■ **Exercise requirements**:
Below are some entries. Transcribe the lines from the one holding "Kruh jako hlavní" to the one holding "a model in traditional", inclusive, but not the pictures among them.

■ **Material for the task**:
-----
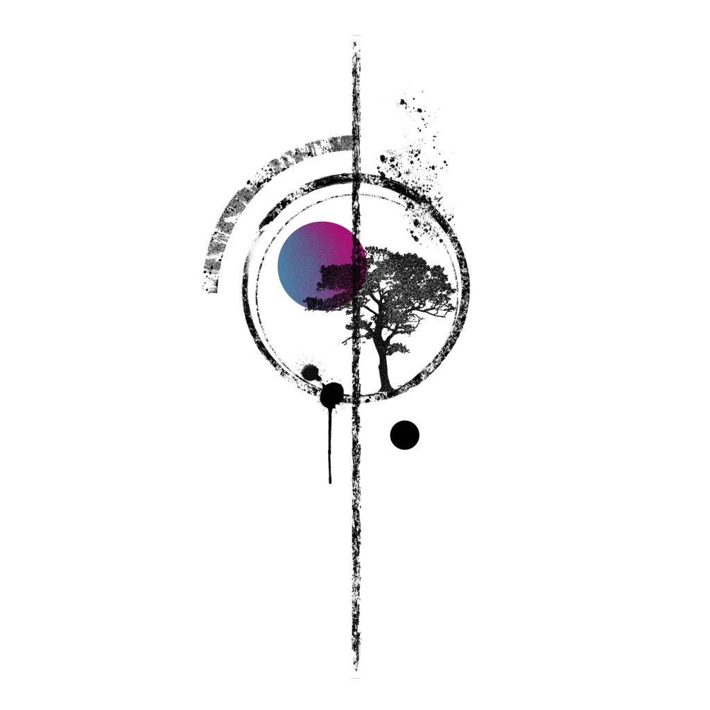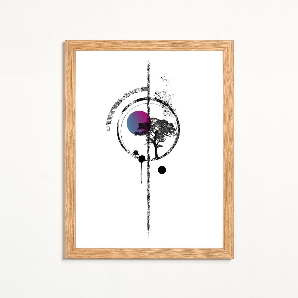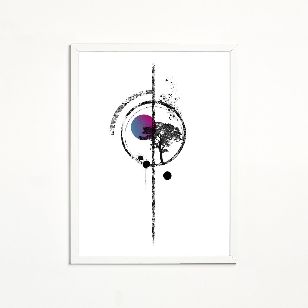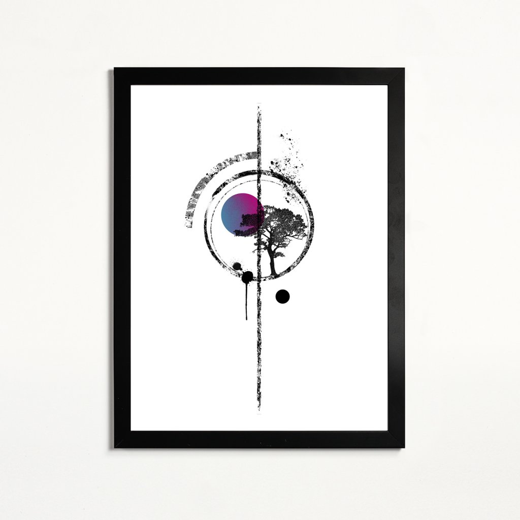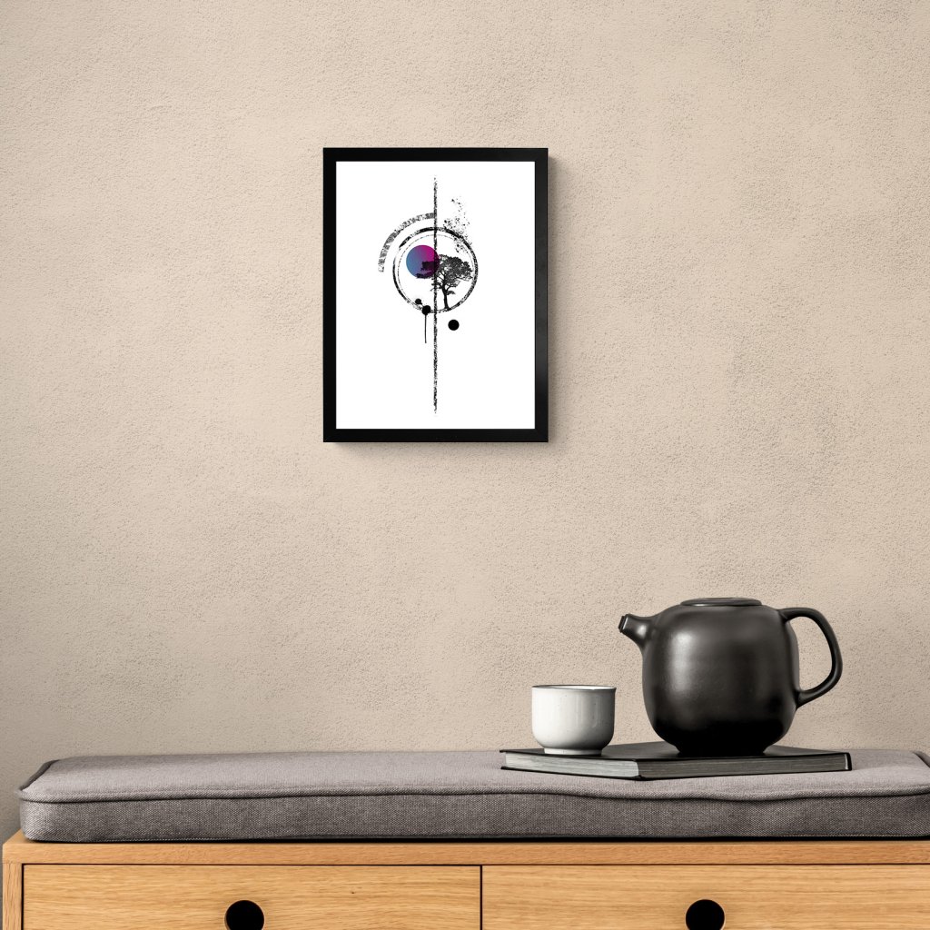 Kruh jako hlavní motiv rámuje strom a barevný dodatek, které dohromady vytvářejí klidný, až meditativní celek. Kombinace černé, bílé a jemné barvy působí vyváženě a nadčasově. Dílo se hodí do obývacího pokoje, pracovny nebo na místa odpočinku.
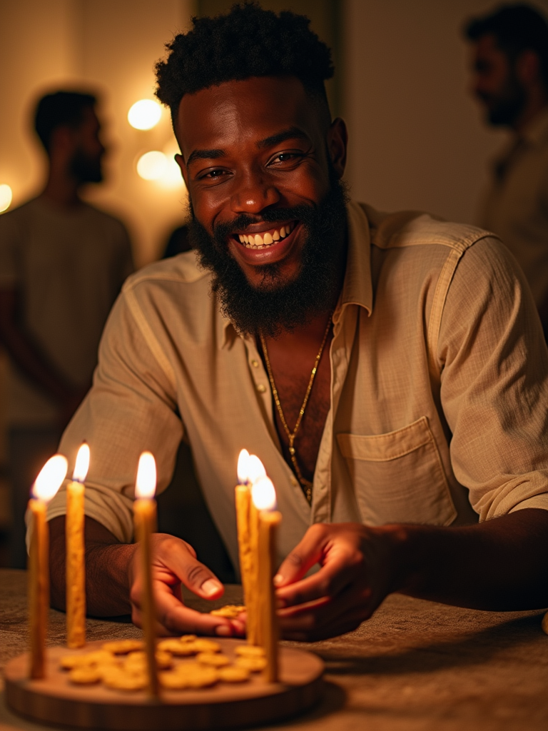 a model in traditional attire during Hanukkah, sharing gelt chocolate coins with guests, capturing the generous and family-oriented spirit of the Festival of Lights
-----
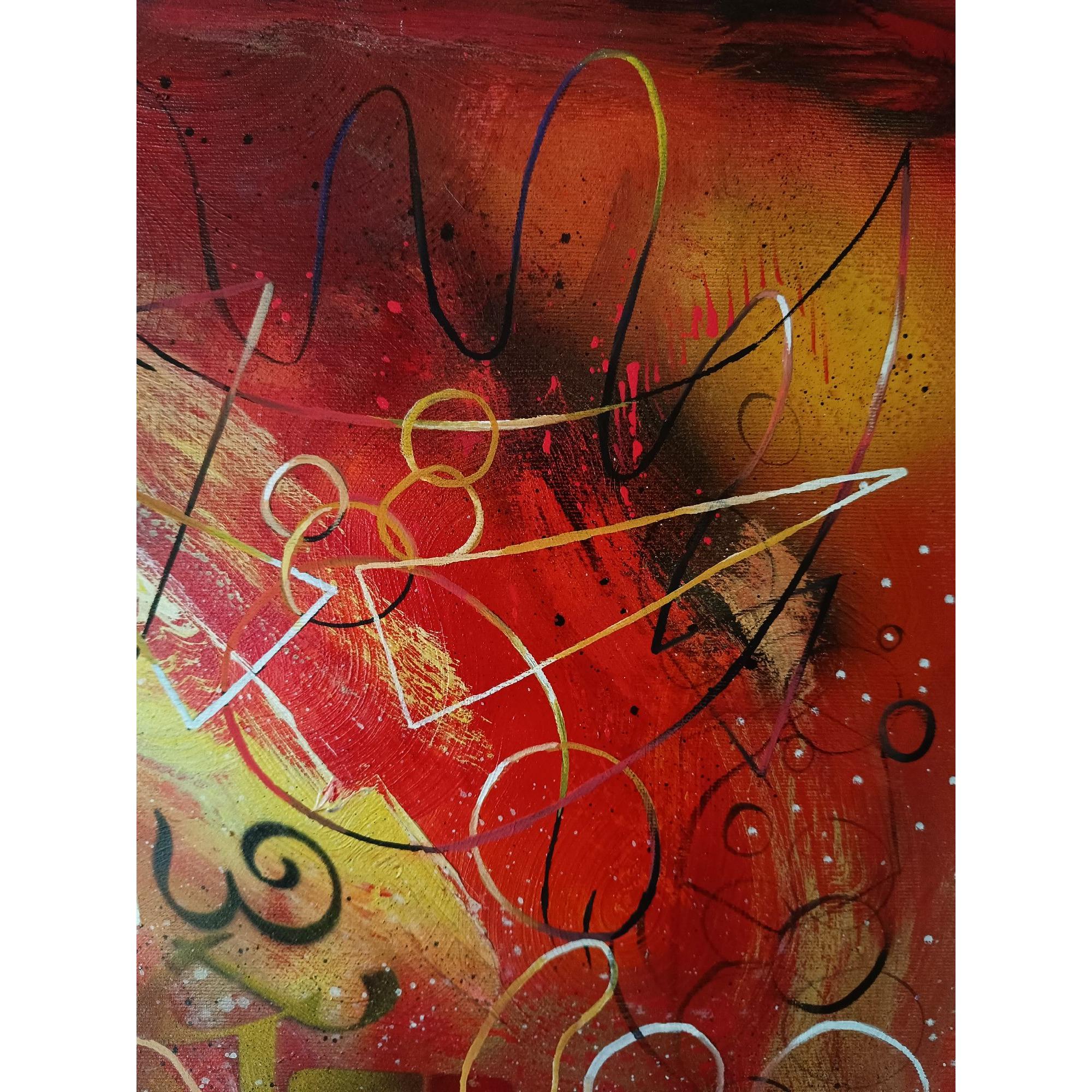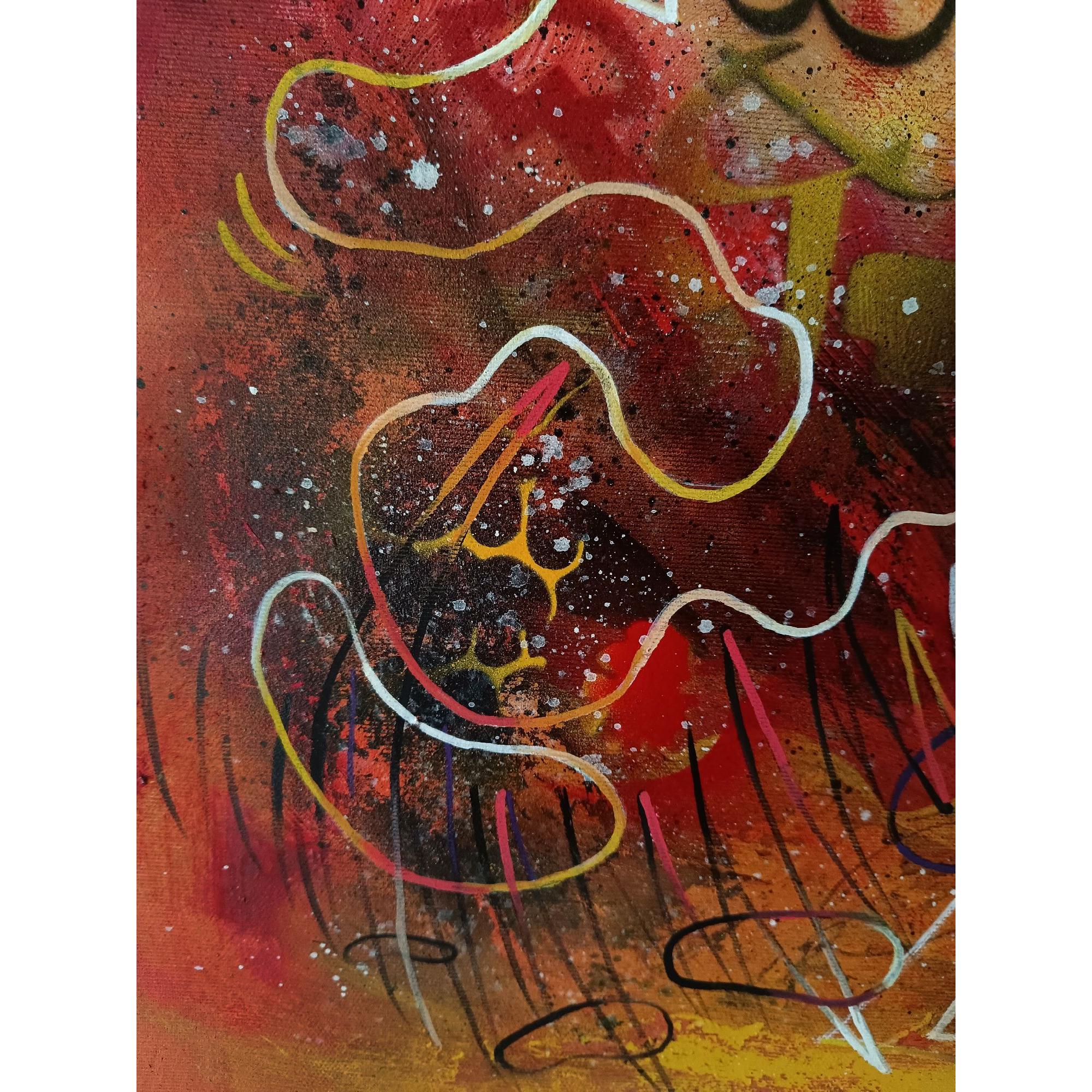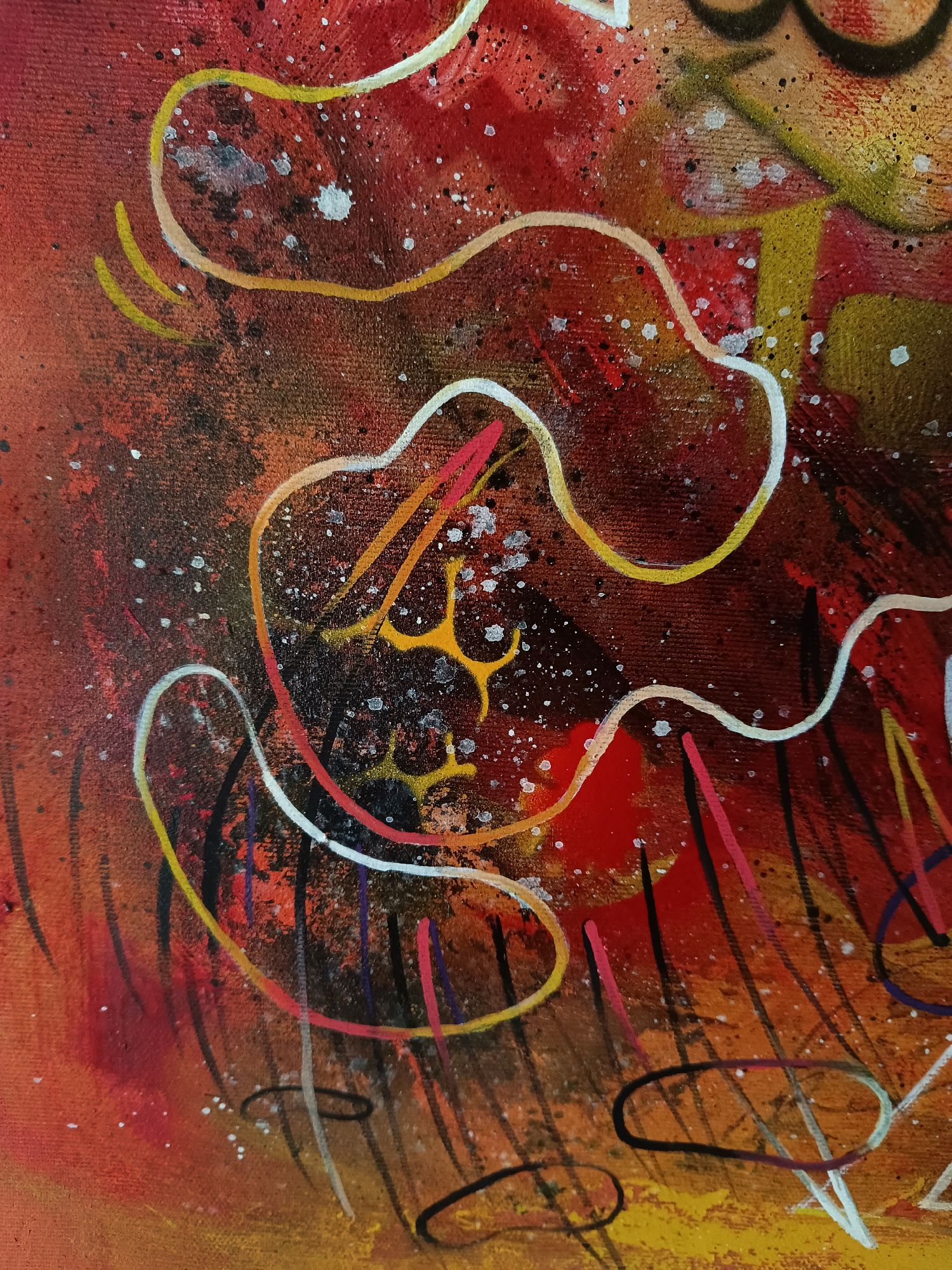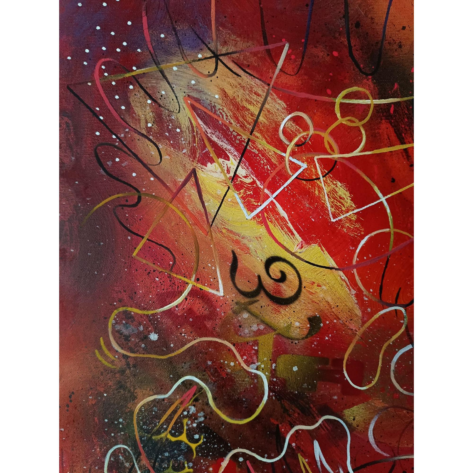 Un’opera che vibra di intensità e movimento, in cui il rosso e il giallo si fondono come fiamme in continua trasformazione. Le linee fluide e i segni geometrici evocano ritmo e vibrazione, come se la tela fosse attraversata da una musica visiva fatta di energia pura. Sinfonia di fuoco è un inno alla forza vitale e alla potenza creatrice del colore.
-----
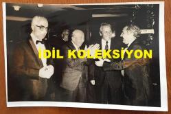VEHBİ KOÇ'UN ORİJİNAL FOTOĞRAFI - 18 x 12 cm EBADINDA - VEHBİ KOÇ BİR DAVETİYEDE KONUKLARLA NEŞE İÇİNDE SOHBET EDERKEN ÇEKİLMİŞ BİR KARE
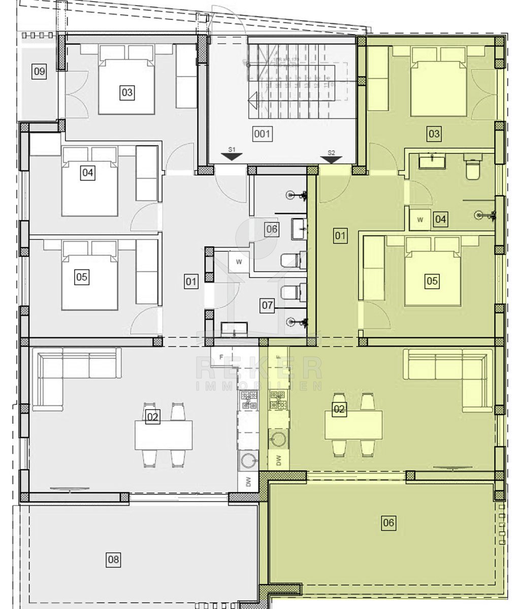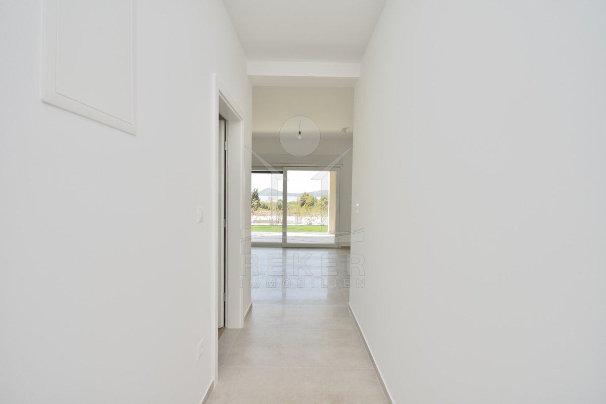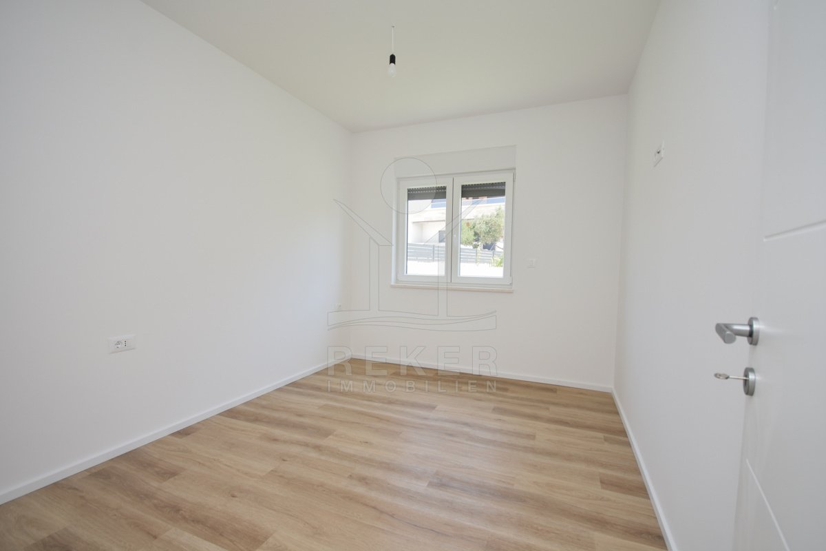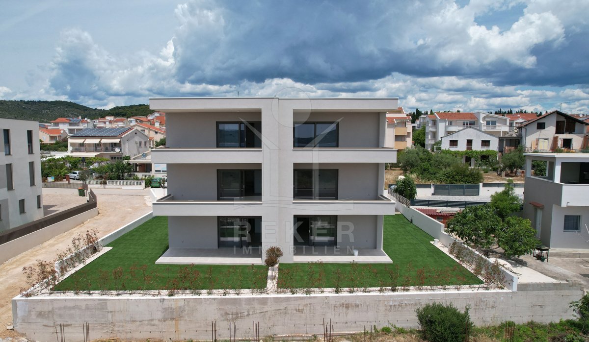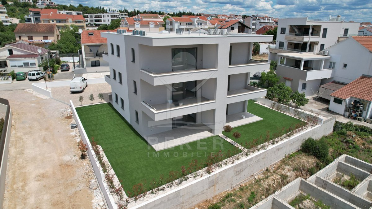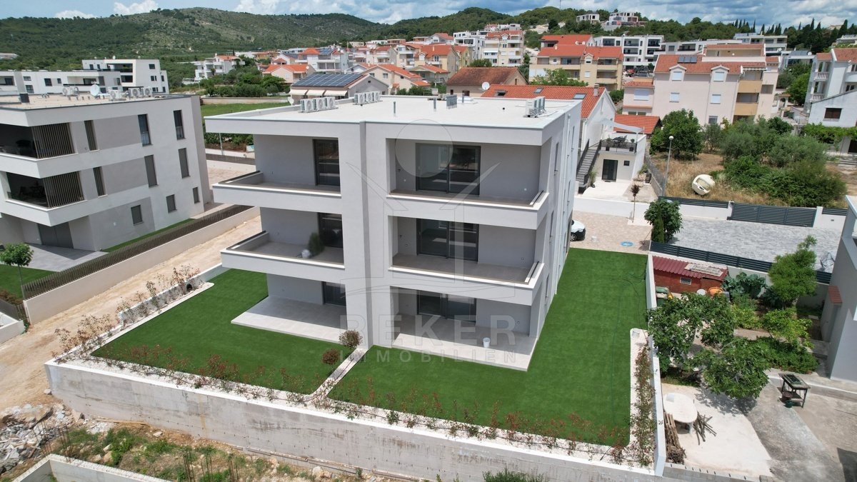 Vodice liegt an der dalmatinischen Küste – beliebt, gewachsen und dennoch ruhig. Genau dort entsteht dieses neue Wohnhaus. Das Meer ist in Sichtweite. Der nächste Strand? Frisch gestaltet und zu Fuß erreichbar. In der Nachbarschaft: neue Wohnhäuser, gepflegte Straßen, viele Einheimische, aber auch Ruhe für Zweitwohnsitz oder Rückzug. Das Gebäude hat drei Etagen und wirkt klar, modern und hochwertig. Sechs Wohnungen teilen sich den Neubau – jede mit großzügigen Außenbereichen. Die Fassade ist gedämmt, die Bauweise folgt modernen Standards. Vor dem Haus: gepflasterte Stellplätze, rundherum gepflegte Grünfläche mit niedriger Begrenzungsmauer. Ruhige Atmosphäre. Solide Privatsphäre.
-----
■ **Answer area**:
 Kruh jako hlavní motiv rámuje strom a barevný dodatek, které dohromady vytvářejí klidný, až meditativní celek. Kombinace černé, bílé a jemné barvy působí vyváženě a nadčasově. Dílo se hodí do obývacího pokoje, pracovny nebo na místa odpočinku.
 a model in traditional attire during Hanukkah, sharing gelt chocolate coins with guests, capturing the generous and family-oriented spirit of the Festival of Lights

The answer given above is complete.